Up to 100,000 defective Celtic Tiger-era homes may need remediation
					

Scheme to fix defects to be submitted to Cabinet in weeks following report of working group




					www.irishtimes.com
				




Fairly depressing if you're looking to move. Aside from the lack of places available, if you're lucky enough to find a place and it happened to be built 10-30 years ago, very high chance it'll be a cold, damp, non-soundproof kip.



> A working group on defects in housing, which reported last July, found a lack of fire safety material, structural defects and water ingress are likely to affect up to 80 per cent of apartments and duplexes built between 1991 and 2013, which equates to between 62,500 and 100,000 homes.



I would have thought tiger-era building meant late-90s to c.2008 but according to the article it's a much bigger timeframe.



> the majority of apartment developments haven’t had assessments carried out in them in relation to fire safety defects. It is likely that the majority of defects have not yet been uncovered.”


----------



## wondering (4 Dec 2022)

If you want to use your 2nd free article, this one is worth a read as well (July 2022)









						Report on defects in apartments forensically details extent of the malaise left by Celtic Tiger and its shoddy legacy
					

Those involved immiserated thousands of blameless homebuyers and now leave little more than a bill for billions of euro in their wake, writes Jack Horgan Jones




					www.irishtimes.com
				






> “The common thread [to defects] seems to be an overall lack of understanding of the complexities of constructing these buildings in accordance with the Building Regulations in place at the time, inadequate supervision and inspection..."
> 
> ..ineffective or absent fire stopping, inappropriate cladding, building layouts that didn’t match fire safety certs, movement in foundations, cracks in substructures, water ingress through walls — the list goes on.





> As a proportion of the total it is not massive, but it is a large majority of purpose-built apartments and many of these are in densely populated urban centres.


----------



## Purple (5 Dec 2022)

What should be a shocking failure by the Public Servants in the department of the Environment to do their job but is actually unsurprising.


----------



## NoRegretsCoyote (5 Dec 2022)

There are a lot of headlines in this space but they are rarely put into context.

There were approximately 900k dwellings built between 1991 and 2016, the largest and most sustained burst of building activity ever in Ireland. about 200k of these were apartments.

Yes there was Priory Hall which had to be demolished.
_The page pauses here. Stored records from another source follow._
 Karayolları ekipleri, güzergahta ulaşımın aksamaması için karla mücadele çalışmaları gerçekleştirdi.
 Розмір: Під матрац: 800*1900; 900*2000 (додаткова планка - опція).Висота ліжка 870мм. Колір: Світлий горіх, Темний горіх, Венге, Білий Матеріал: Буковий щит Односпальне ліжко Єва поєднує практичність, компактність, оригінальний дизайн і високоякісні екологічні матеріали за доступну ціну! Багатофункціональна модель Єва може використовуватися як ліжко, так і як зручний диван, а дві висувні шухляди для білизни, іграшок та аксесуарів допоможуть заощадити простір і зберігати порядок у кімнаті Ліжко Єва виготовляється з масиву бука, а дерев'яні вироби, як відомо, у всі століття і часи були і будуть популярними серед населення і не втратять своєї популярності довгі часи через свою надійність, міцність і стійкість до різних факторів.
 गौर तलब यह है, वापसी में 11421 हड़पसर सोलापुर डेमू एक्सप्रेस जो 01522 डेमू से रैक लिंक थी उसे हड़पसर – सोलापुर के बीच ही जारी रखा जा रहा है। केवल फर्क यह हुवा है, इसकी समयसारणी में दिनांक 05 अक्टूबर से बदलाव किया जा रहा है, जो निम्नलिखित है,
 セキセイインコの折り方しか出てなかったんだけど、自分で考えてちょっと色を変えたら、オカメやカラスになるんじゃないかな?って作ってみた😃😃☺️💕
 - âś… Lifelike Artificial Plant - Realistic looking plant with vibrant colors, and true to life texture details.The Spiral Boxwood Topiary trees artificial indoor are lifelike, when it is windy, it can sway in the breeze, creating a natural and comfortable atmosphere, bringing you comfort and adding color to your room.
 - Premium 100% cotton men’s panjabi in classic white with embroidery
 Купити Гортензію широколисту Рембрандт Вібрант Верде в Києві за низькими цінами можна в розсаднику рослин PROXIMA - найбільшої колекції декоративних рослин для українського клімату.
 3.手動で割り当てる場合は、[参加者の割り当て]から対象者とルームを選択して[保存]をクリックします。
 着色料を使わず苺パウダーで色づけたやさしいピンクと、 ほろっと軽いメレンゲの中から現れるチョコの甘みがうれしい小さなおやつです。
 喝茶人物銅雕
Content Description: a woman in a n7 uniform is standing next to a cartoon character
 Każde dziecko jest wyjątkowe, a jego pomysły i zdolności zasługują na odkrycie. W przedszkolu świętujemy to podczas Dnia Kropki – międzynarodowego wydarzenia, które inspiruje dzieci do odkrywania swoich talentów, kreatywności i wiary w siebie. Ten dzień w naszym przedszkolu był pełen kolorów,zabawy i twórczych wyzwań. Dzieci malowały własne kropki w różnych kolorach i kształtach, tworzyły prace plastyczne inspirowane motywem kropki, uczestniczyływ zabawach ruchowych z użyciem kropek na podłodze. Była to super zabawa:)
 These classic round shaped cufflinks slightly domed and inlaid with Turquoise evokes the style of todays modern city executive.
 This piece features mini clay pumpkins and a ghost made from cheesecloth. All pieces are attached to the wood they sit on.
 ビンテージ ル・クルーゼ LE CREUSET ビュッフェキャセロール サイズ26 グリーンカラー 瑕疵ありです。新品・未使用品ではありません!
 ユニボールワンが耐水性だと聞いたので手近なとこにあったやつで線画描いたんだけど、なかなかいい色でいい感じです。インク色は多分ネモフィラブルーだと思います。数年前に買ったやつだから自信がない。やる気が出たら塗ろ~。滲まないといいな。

But this was one of literally thousands of apartment schemes built in the period. 

Of course there were failures with respect to the standards that need to be remediated. But I am not aware of many fire-related deaths or serious injury in an apartment that can be tangibly linked to a failure in building standards. 

Any dwelling of any age may potentially need remediation. Buildings only remain standing because of constant repair.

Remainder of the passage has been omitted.